Though Price’s earlier series of ceramic cups represent a small episode in his greater body of work, he continued to explore the fundamentals of the shape. The traditionally utilitarian function of “the container” depends equally on its inside and its outside. Holland Cotter of the New York Times observed that “containment itself, put under psychological pressure, became a recurrent subject of Price’s.” The artist’s career-long investigation of the relationship between interiority and exteriority becomes particularly acute in works like Groota (1985), which LAMA is pleased to include in our upcoming September 30, 2018 Modern Art & Design Auction.
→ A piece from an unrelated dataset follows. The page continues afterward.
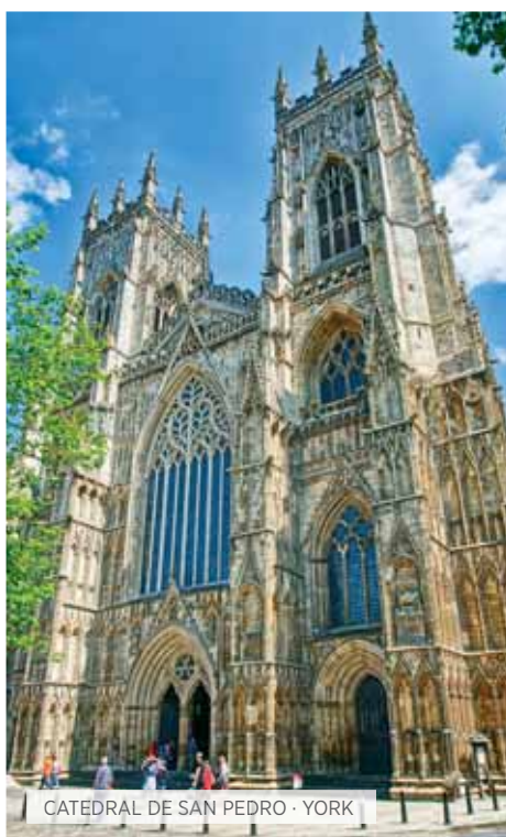
CATEDRAL DE SAN PEDRO · YORK

Desayuno. Excursión a Gales donde conoceremos el Parque Nacional de Snowdonia. En Llanberis, tomaremos el

The tensions between art and craft, interior and exterior, are perfectly articulated in the series of two-piece clay sculptures that Price began working on in the mid-1980s. Described as a “collision of raw and refined surfaces,” Price’s modernist geodes feature rough and organic, opalescent exteriors that are dramatically incised, exposing crisp and highly polished plains of pure, hyper-saturated color. Though Price resisted ascribing meaning to his works, the dramatic interaction of these compositions reflects the quasi-political subtext of his career.
Price admitted that even when he didn’t intend for them to be, his works are inherently carnal. In a 2007 interview he said, “my work has just evolved into these naturally erotic forms.” The sensuality of Groota is most compelling in the dialogue between the two pieces of the sculpture. In addition to the male and female coding of the slender cylindrical element and its larger vessel-like companion, the natural curve of each of the structures reflect one another. The figures are almost magnetically drawn together by their complementary shapes.
Acrylic and metallic paint on fired clay in two parts
9.5″ x 5″ x 4.5″; 8″ x 6.25″ x 8″
Provenance: Willard Gallery, New York, New York; Private Collection, Los Angeles, California (acquired directly from the above, 1986)
Illustrated: Ken Price Sculpture: A Retrospective. LACMA exh. cat. 2012. 238.